Борис дотемна не отпускал Чезаре, а потом чуть ли не до полуночи зубрил нараспев, раскачиваясь на стуле либо шаркая по светлице. Жена причитала, пророчила:
– Утопнешь! Тигры сожрут!
Федька, гремя ключами, отпирал сундуки, выволакивал разную одежду князю-боярину в дорогу. Сваливал в кучу зимнее и летнее. Борис поднял соболью шубу, поглядел – не трачена ли.
– Запаришься, – сказал Федор. – Там отродясь не мерзли. Страна жаркая.
– Ты почем знаешь?
Италия будто на ладони у Федора – так уяснительно обсказал про нее Дженнаро, Гваскониев кучер.
Пронзительные глаза Дженнаро, тонкогласные песни зачаровали всех баб на куракинской поварне. Облепят итальянца, послушают, пустят слезу, нальют щей с мясом. Любуются, как уплетает русскую еду. Уши пляшут. Должно, харч у купца слабый.
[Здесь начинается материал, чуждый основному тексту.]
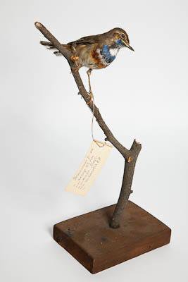 Чучело. Варакушка. Luscinia svecica (L.,1758). Классификация: Хордовые Chordata, Позвоночные Vertebrata, Птицы Aves, Воробьинообразные Passeriformes, Дроздовые Turdidae, Варакушка Luscinia svecica (L.,1758)
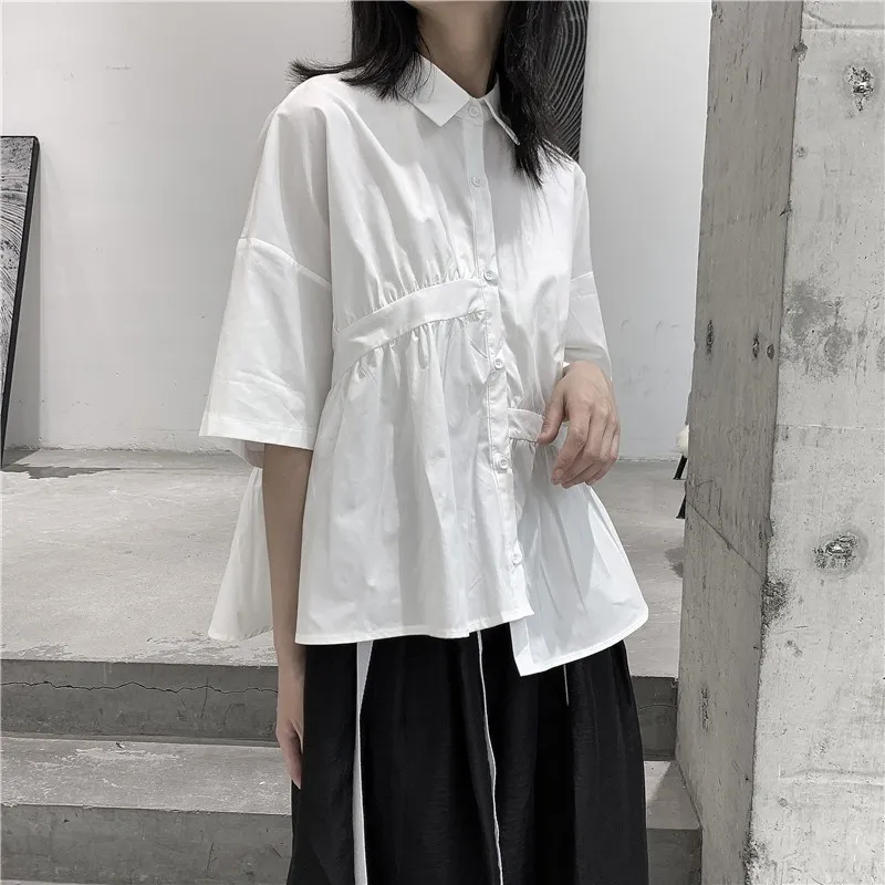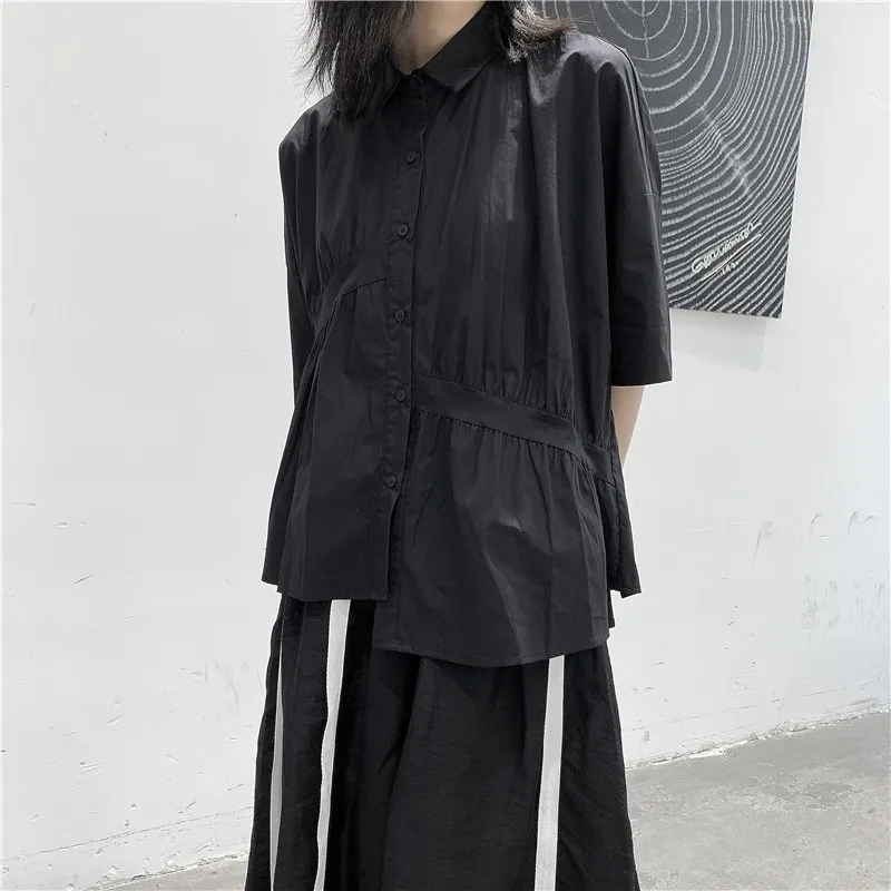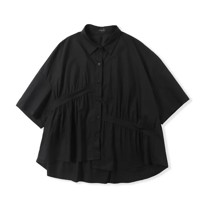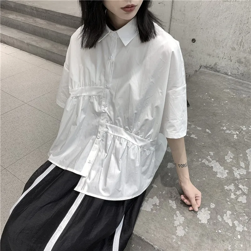 衣都精品- 2023新款日系褶皺不規則寬鬆顯瘦上衣

Понять мудреную речь Дженнаро можно лишь наполовину, зато ужимки его, причмокивания, игра пальцев, бровей живописуют прелести итальянские картинно – щедрость солнца, изобилие плодов, высоту храмов, красу невесты Симонетты. А примется расхваливать свой родной город – удержу нет.
Однако точить лясы хозяин не велит, и кучер не дожидался конца урока. Губастов, лихо подгоняя буланых, отвозил домой закутанного, тщедушного Чезаре. И тропкой, мимо амбаров, сушилен, скорняжных мастерских – к приятелю. В каморке кучера, озаренный свечами, реет святой Дженнаро – щеки рдеют, как от горячих щей. А город пригож вышел из печатни, богато увенчал гору над морем, а море синее-пресинее.
– Венеция – куда-а ей, – услышал Борис от холопа. – Против Наполя – тьфу!
Не уедет князь-боярин один. Мало ли что брюзжит, на деле он покладист.
А Борис решил твердо. Тут он с Лопухиным заодно. Оба отказались взять в учение мужиков. Коли знатные фамилии сами себя не уберегут – кто позаботится?
Но указ не переиначишь, ученика – хочешь не хочешь – бери! Борису дали на попечение юношу из мелких шляхтичей, Иова Глушкова.
Поутру ввалился с морозом раскормленный увалень, робкий, оглушенный разудалой Москвой, звонами сорока сороков церквей, воплями зазывал калашного ряда, рыбного, бакалейного, ситного, конским топотом, кабацкой руганью, лязгом кузниц, перекличкой топоров. Кто-то сорвал с олуха деревенского шапку.
Согбенный дядька освободил его от мехов, от платков, потом нанес полные сени узлов, чемоданов, бочонков, обледенелых телячьих ног, бутылей с квасом.
– Эка, на Маланьину свадьбу! – посмеивался Борис.
– Для твоей милости тож. Мамка наказывала…
– Мамка, мамка!.. Тут не то что двоим, всей Италии до пасхи не съесть.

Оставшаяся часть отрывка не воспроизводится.